# Task:
Shown below is a listing with pictures; reproduce exactly, and only, the lines between the ones containing "Vamos a revisar" and "Long sleeve solid", inclusive, leaving the pictures out.

# Exercise data:
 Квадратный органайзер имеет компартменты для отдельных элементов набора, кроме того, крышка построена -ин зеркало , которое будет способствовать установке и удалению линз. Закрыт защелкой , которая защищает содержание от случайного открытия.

* * *

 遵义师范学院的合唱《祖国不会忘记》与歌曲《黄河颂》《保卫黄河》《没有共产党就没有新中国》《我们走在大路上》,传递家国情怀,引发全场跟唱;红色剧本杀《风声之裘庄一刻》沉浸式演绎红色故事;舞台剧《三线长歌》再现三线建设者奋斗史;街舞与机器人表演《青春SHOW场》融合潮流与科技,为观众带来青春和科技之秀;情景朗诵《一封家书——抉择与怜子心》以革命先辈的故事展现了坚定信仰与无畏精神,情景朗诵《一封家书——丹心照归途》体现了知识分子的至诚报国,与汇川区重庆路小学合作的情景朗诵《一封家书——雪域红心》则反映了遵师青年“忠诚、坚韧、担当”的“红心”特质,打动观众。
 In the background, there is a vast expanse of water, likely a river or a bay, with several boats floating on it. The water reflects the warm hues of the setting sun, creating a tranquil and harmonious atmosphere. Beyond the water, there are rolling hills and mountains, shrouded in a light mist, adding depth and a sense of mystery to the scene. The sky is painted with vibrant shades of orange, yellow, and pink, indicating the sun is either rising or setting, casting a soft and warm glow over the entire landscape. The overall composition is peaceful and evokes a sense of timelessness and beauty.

--

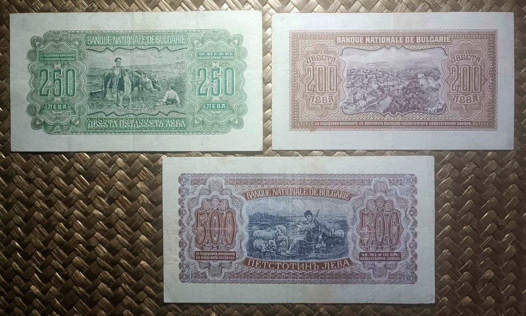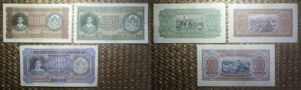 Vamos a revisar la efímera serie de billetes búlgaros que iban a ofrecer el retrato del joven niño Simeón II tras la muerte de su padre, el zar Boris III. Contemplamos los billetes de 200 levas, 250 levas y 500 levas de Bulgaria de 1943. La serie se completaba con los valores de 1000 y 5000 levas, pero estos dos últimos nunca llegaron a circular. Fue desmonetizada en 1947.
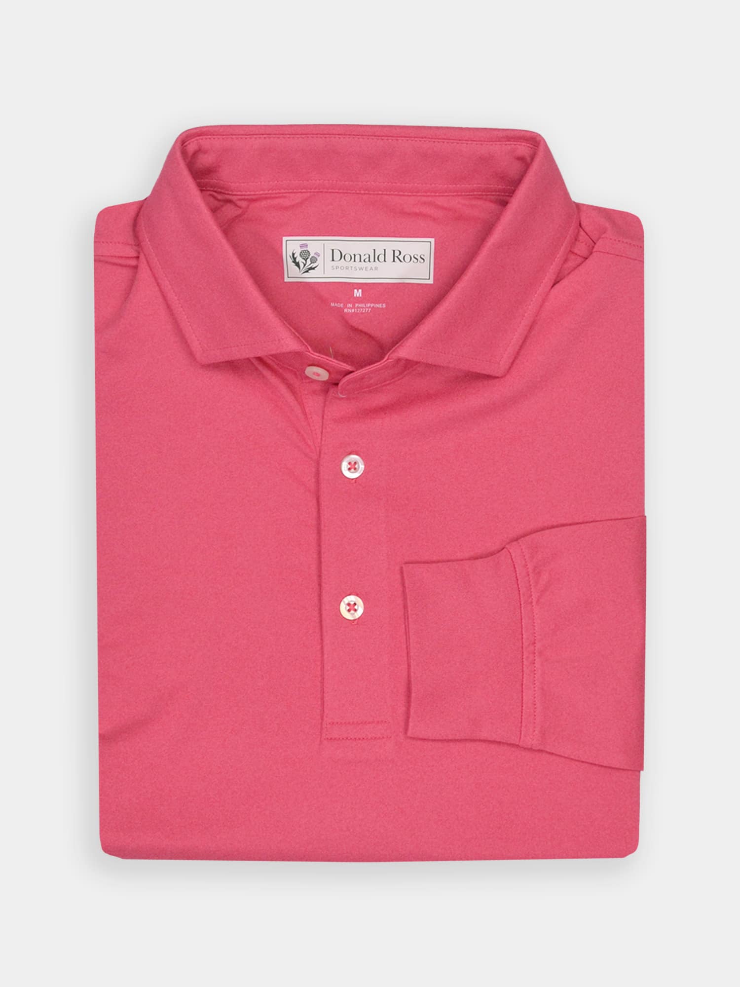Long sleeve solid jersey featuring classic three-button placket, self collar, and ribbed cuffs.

# Response:
 Vamos a revisar la efímera serie de billetes búlgaros que iban a ofrecer el retrato del joven niño Simeón II tras la muerte de su padre, el zar Boris III. Contemplamos los billetes de 200 levas, 250 levas y 500 levas de Bulgaria de 1943. La serie se completaba con los valores de 1000 y 5000 levas, pero estos dos últimos nunca llegaron a circular. Fue desmonetizada en 1947.
Long sleeve solid jersey featuring classic three-button placket, self collar, and ribbed cuffs.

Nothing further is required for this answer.